Pensai di poterlo ignorare e cercare Camilla con lo sguardo, anche se qualcosa mi diceva che non mi avrebbe mollata tanto facilmente. <<Mi stai complicando le cose>> risposi scuotendo la testa.
<<Certo non vorrei risultare invadente>> disse. <<Ma credo che non sia da ignorare il fatto che il fato ci abbia fatto incontrare in circostanze così improbabili>> osservò facendomi sorridere.
Massimiliano si avvicinò più a me, cogliendo del cedimento da parte mia. << Non prenderlo come un invito>> disse. <<Prendilo come due persone che si incontrano in un bar, cosa ci sarà di male?>> di nuovo mi rivolse un sorriso ammaliante.
Allungai la testa per vedere se riconoscessi mia nipote tra quei ragazzini che si erano fermati appena fuori dall'edificio. Notai Camilla e tentai di farmi vedere, cosa che risultò stranamente semplice e non appena si accorse di me, allargò le labbra in un enorme sorriso.

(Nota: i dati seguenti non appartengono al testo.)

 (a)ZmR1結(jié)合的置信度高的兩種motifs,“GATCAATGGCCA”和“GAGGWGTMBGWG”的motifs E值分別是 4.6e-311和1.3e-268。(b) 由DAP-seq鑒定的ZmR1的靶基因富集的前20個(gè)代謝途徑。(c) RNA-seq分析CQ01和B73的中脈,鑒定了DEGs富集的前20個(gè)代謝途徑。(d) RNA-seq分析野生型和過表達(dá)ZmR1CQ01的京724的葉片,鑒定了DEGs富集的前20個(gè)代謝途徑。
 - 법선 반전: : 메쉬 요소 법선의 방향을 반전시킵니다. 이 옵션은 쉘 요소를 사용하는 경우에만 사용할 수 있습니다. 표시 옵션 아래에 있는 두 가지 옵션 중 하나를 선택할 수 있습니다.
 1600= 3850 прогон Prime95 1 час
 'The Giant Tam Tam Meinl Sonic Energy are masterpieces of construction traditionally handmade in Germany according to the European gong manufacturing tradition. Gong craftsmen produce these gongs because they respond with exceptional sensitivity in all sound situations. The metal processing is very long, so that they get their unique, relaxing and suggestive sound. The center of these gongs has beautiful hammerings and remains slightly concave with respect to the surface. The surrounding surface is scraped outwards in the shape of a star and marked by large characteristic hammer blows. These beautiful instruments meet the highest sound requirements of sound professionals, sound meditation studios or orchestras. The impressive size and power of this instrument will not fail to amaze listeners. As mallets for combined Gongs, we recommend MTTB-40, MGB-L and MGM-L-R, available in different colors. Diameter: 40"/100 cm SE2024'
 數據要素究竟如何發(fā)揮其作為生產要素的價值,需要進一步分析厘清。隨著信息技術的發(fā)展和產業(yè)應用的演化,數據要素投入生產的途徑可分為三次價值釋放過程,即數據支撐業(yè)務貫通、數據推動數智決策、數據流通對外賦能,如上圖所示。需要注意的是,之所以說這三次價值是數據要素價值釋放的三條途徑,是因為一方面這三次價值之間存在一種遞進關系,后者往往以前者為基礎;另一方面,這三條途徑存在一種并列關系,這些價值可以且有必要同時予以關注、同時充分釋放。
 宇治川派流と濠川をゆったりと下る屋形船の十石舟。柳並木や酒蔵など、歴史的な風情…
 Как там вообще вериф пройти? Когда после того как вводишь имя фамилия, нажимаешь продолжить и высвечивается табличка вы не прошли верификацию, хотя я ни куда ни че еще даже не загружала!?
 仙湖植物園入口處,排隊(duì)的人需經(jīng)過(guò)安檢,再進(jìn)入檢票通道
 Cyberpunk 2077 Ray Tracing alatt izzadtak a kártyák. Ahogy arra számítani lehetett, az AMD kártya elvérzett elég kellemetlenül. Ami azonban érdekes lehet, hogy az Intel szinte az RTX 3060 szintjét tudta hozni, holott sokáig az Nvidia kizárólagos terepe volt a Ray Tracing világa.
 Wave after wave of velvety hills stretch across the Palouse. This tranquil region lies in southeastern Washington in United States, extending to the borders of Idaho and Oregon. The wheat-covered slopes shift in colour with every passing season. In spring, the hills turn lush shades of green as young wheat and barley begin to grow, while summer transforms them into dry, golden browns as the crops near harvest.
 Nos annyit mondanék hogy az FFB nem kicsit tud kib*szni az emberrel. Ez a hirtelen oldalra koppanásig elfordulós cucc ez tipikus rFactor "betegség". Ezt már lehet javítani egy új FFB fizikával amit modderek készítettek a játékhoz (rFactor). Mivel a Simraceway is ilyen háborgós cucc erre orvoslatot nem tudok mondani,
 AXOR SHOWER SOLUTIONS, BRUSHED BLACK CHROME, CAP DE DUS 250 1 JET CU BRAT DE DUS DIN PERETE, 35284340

Tornai a guardare Massimiliano. <<Mi piace prenderlo in zona universitaria, intorno a quest'ora>> lo informai, usando tutta la gentilezza che potessi avere.
Stavo accettando. Avevo accettato.
Mi sentivo come una ragazzina che veniva approcciata in una discoteca dal belloccio di turno.
<<Ma ce ne saranno decine!>> rise.
<<Zia Bibi!>> urlò Camilla abbracciandomi.
<<Ehi stellina>> la salutai. La ragazzina si voltò notando l'uomo con cui stavo conversando e gli sorrise. <<Buon pomeriggio professore>>.
Lui le sorrise calorosamente. <<Buon pomeriggio Camilla>>.
<<Bene andiamo, che abbiamo delle cose da fare>> annunciai a mia nipote sorridendole.
<<Un momento, non mi hai detto quale caffetteria>> insistette Massimiliano, ridendo, mentre aprivo la mia portiera.
Gli sorrisi. <<Buona fortuna>> gli feci l'occhiolino e me ne andai, salendo sull'auto, lasciandolo davanti a scuola.
<<Hai un appuntamento con il mio prof zia?>> mi chiese Camilla divertita, non appena svoltammo l'angolo.
<<Non saprei, non vorrei definirlo così>> risi. <<Sarebbe sconveniente?>> indagai.
<< Sconveniente?>> Camilla mi guardo stranita. <<Lo hai visto? Nessuno riterrebbe un uscita con lui sconveniente..>> mi rimproverò.